- Supreme Court of Canada

Hearing: November 6, 2001 Judgment: April 26, 2002
- Citations: 2002 SCC 41, [2002] 2 SCR 522
- Docket No.: 28020
- Prior history: APPEAL from
- Ruling: Appeal allowed

Court membership
- Chief Justice: Beverley McLachlin Puisne Justices: Claire L'Heureux-Dubé, Charles Gonthier, Frank Iacobucci, John C. Major, Michel Bastarache, Ian Binnie, Louise Arbour, Louis LeBel

Reasons given
- Unanimous reasons by: Iacobucci J.

= Sierra Club of Canada v Canada (Minister of Finance) =

Sierra Club of Canada v Canada (Minister of Finance) is a Supreme Court of Canada decision, which was reached in 2002. The case is also known as Atomic Energy of Canada Limited v.

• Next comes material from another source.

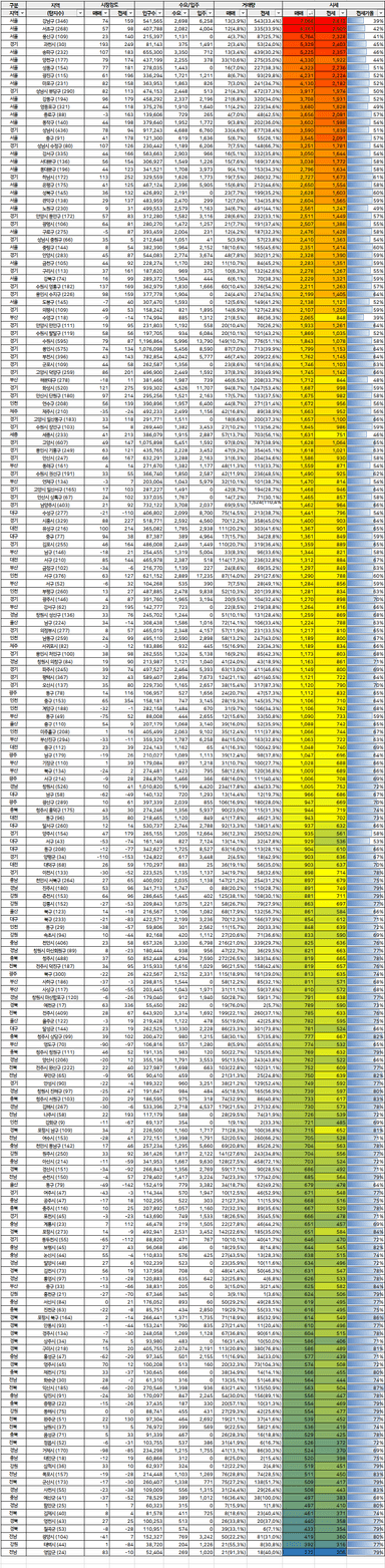 [지기 14기 행운의 49팔구조! 김안녕] 2023년 11월 전국 평당가/전세가/전세가율 정리 (+ 엑셀 자료)

Sierra Club of Canada.

==History==
The decision was reached after a Non-Governmental Organization (or "NGO") sought judicial review of the federal government’s decision to provide financial assistance to a Crown corporation (in this case, for the sale of nuclear reactors and construction thereof). The Crown corporation requested a confidentiality order in respect of certain documents, and the NGO contested the request.

===Sierra Club test===
The proper analytical approach to be applied to exercise of judicial discretion where a litigant seeks confidentiality order is now known as the Sierra Club test. The deleterious effects of granting a confidentiality order include a negative effect on the open court principle were noted by Iacobucci J. but they were outweighed by the salutary effects of the grant.

Three important elements are subsumed under the first branch of the test. First, the risk must be real and substantial, well grounded in evidence, posing a serious threat to the commercial interest in question. Second, the important commercial interest must be one which can be expressed in terms of a public interest in confidentiality, where there is a general principle at stake. Finally, the judge is required to consider not only whether reasonable alternatives are available to such an order but also to restrict the order as much as is reasonably possible while preserving the commercial interest in question.

Under the second branch of the test, the confidentiality order would have significant salutary effects on the affected party's right to a fair trial.